• _Problem to work on_
Reproduce the data below in full and to the letter, images excepted.

:: Given data ::

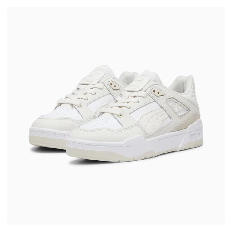 Puma fait partie des équipementiers sportifs historiques qui rayonnent sur un marché des sneakers toujours aussi attractif. Les débuts de Puma sont étroitement liés à ceux d’Adidas dans la mesure où les fondateurs des deux marques ont d’abord collaboré dans le cadre d’une entreprise familiale : Appelée « Gebrüder Dassler Schuhfabrik », ou « fabrique de chaussures des frères Dassler ». C’est suite à un désaccord post-seconde guerre mondiale que les deux frères fondateurs, Adolf et Rudolf Dassler, prennent des chemins opposés. Ce dernier décide de créer sa propre marque Puma dans la même ville que son frère qui développe Adidas. La marque Puma fait donc ses débuts en 1948 à Herzogenaurach, en Allemagne. Rudolf Dassler lance dans la foulée son tout premier modèle de chaussures à crampons : l’ATOM, un succès auprès de nombreux sportifs qui choisirent les produits de la marque. Si une grande page de l’histoire de PUMA s’est écrite dans le football, les sneakers que l’on connaît tous aujourd’hui sont davantage inspirées des univers de l’athlétisme et du basketball. Classique parmi les classiques, la Puma Suede a tout de suite séduit grâce à sa forme atypique et l’originalité de sa tige composée comme son nom l’indique de suède. Ces caractéristiques intemporelles ont permis au modèle lancé en 1968 de traverser les âges pour continuer de séduire les nostalgiques et conquérir la nouvelle génération. Au fil du temps, PUMA s’est imposé parmi les équipementiers les plus influents de la planète avec ses produits lifestyle et sportifs. La marque s’est rapidement fait une place au sein de la culture hip-hop et plus précisément celle du breakdancing. Puma est à l’origine de modèles iconiques et intemporels qui ont traversé les époques : la Clyde, la Suede, la State, la Puma Becker, la Puma Becker Ace, la Roma. Aujourd’hui, la marque continue de développer des silhouettes comme la Puma RS-X, qui connaît un très grand succès.
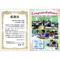 兵庫県小野市内小学校と連携『made in ONO エコトレー』のデザイン協力に対し、小野市立市場小学校・来住小学校の2校へ感謝状を贈呈
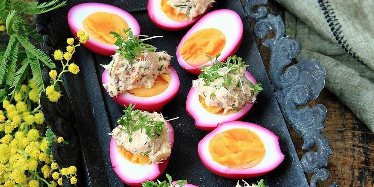 Påskens vackraste ägg picklar du med rödlök och toppar med varmrökt lax och rosépeppar. Supergott!
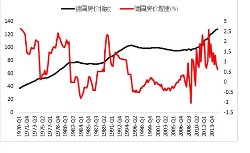 (图1:德国房价指数的三个发展阶段。数据来源:OECD Analytical House Price database)

:::

• _Result of the exercise_
 Puma fait partie des équipementiers sportifs historiques qui rayonnent sur un marché des sneakers toujours aussi attractif. Les débuts de Puma sont étroitement liés à ceux d’Adidas dans la mesure où les fondateurs des deux marques ont d’abord collaboré dans le cadre d’une entreprise familiale : Appelée « Gebrüder Dassler Schuhfabrik », ou « fabrique de chaussures des frères Dassler ». C’est suite à un désaccord post-seconde guerre mondiale que les deux frères fondateurs, Adolf et Rudolf Dassler, prennent des chemins opposés. Ce dernier décide de créer sa propre marque Puma dans la même ville que son frère qui développe Adidas. La marque Puma fait donc ses débuts en 1948 à Herzogenaurach, en Allemagne. Rudolf Dassler lance dans la foulée son tout premier modèle de chaussures à crampons : l’ATOM, un succès auprès de nombreux sportifs qui choisirent les produits de la marque. Si une grande page de l’histoire de PUMA s’est écrite dans le football, les sneakers que l’on connaît tous aujourd’hui sont davantage inspirées des univers de l’athlétisme et du basketball. Classique parmi les classiques, la Puma Suede a tout de suite séduit grâce à sa forme atypique et l’originalité de sa tige composée comme son nom l’indique de suède. Ces caractéristiques intemporelles ont permis au modèle lancé en 1968 de traverser les âges pour continuer de séduire les nostalgiques et conquérir la nouvelle génération. Au fil du temps, PUMA s’est imposé parmi les équipementiers les plus influents de la planète avec ses produits lifestyle et sportifs. La marque s’est rapidement fait une place au sein de la culture hip-hop et plus précisément celle du breakdancing. Puma est à l’origine de modèles iconiques et intemporels qui ont traversé les époques : la Clyde, la Suede, la State, la Puma Becker, la Puma Becker Ace, la Roma. Aujourd’hui, la marque continue de développer des silhouettes comme la Puma RS-X, qui connaît un très grand succès.
 兵庫県小野市内小学校と連携『made in ONO エコトレー』のデザイン協力に対し、小野市立市場小学校・来住小学校の2校へ感謝状を贈呈
 Påskens vackraste ägg picklar du med rödlök och toppar med varmrökt lax och rosépeppar. Supergott!
 (图1:德国房价指数的三个发展阶段。数据来源:OECD Analytical House Price database)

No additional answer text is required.